- PROBLEM DETAILS:
An exact retyping of every record is required.

[Recorded data]
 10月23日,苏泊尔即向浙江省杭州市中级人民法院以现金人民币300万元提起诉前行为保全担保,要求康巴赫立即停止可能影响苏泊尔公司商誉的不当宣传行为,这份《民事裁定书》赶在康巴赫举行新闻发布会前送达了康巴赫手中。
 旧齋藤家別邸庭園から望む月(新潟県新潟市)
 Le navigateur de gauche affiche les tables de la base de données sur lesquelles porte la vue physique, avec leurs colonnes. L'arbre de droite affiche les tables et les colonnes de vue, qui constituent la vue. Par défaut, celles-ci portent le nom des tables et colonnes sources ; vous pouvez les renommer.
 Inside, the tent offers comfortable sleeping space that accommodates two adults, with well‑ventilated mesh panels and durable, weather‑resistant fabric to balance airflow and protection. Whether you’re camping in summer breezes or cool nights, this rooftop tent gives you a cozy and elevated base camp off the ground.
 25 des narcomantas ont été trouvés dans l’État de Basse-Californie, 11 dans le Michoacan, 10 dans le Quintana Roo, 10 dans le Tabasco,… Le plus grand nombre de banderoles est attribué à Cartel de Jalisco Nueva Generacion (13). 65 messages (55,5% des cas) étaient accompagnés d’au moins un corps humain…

- REPLY TO THE TASK:
 10月23日,苏泊尔即向浙江省杭州市中级人民法院以现金人民币300万元提起诉前行为保全担保,要求康巴赫立即停止可能影响苏泊尔公司商誉的不当宣传行为,这份《民事裁定书》赶在康巴赫举行新闻发布会前送达了康巴赫手中。
 旧齋藤家別邸庭園から望む月(新潟県新潟市)
 Le navigateur de gauche affiche les tables de la base de données sur lesquelles porte la vue physique, avec leurs colonnes. L'arbre de droite affiche les tables et les colonnes de vue, qui constituent la vue. Par défaut, celles-ci portent le nom des tables et colonnes sources ; vous pouvez les renommer.
 Inside, the tent offers comfortable sleeping space that accommodates two adults, with well‑ventilated mesh panels and durable, weather‑resistant fabric to balance airflow and protection. Whether you’re camping in summer breezes or cool nights, this rooftop tent gives you a cozy and elevated base camp off the ground.
 25 des narcomantas ont été trouvés dans l’État de Basse-Californie, 11 dans le Michoacan, 10 dans le Quintana Roo, 10 dans le Tabasco,… Le plus grand nombre de banderoles est attribué à Cartel de Jalisco Nueva Generacion (13). 65 messages (55,5% des cas) étaient accompagnés d’au moins un corps humain…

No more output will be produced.